A Compass for Antibiotic Stewardship: Using a Digital Tool to Improve Guideline Adherence for Appendicitis Treatment in the Emergency Department

From the 2023 HVPA National Conference

Mai Vu BS (UC San Francisco, School of Medicine), Hope Shwartz BA, Steven Straube MD, Neha Pondicherry BA, David Emanuels BS, Jaskirat Dhanoa MD, Jaskaran Bains MD, Malini Singh MD, MPH, MBA, Nicholas Stark MD, MBA, Christopher Peabody MD, MBA

The Emergency Department (ED) is an important setting for antibiotic stewardship to combat the increasing prevalence of multidrug-resistant organisms associated with a longer duration of illness and increased mortality rates. Clinical decision support systems (CDSS) can be utilized to assist healthcare workers with clinical decision-making and appropriate antibiotic selection. Our ED developed E*Drive, a web-based open-access platform for redesigning and disseminating clinical guidelines built using human-centered design. At baseline in our ED, 75% of patients with appendicitis received broader-spectrum ertapenem for pre-surgical treatment rather than our institution’s recommended narrower-spectrum ceftriaxone/metronidazole combination.

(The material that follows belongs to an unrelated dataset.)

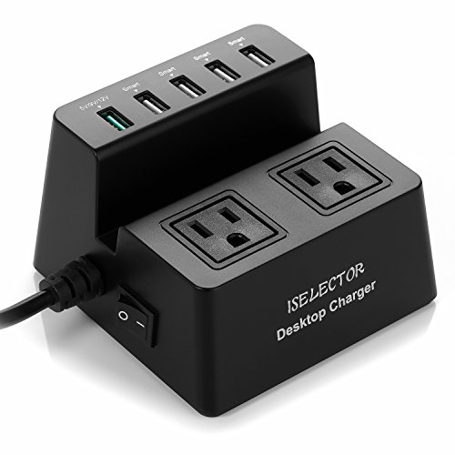 Multiple USB Charger with Fast Charging (5V/9V/12V),40W 5-Port Charging Station and 1700J 2 Surge Protected Power Strip

We aimed to inform clinician prescribing behavior and improve antibiotic stewardship by redesigning the information-dense appendicitis treatment guideline and disseminating it via E*Drive, a web-based, open-access CDSS platform developed by our institution.

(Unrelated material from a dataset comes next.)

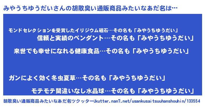 | ヘコむあだ名 | 『みやうちゆうだい(笑)』『みやもー』 |

We conducted a retrospective study of antibiotic prescribing in our ED before and after the implementation of our redesigned CDSS guideline. The adult appendicitis treatment guideline was standardized on Google Slides using a systematic process to maximize readability and accessibility (Figure 1). The updated guideline was posted on E*Drive on October 18, 2021. We performed a chart review 180 days pre- (day -179 to 0) and 180 days post-intervention (day 1-180, intervention on day 1) from April 21, 2021 through April 15, 2022. Our primary outcome was guideline compliance defined by receiving Ceftriaxone 1g or 2g and Metronidazole 500mg. Our secondary outcomes included subdividing Ceftriaxone doses into 1g or 2g and any antibiotics compliant with Infectious Diseases Society of America (IDSA) guidelines. While our guideline recommends Ceftriaxone 2g with Metronidazole 500mg, we considered the administration of Ceftriaxone at 1g or 2g as compliant because both doses are IDSA compliant. Univariate, logistic regression was performed with guideline adherence as the dependent variable and time period (pre or post-intervention) as the independent variable.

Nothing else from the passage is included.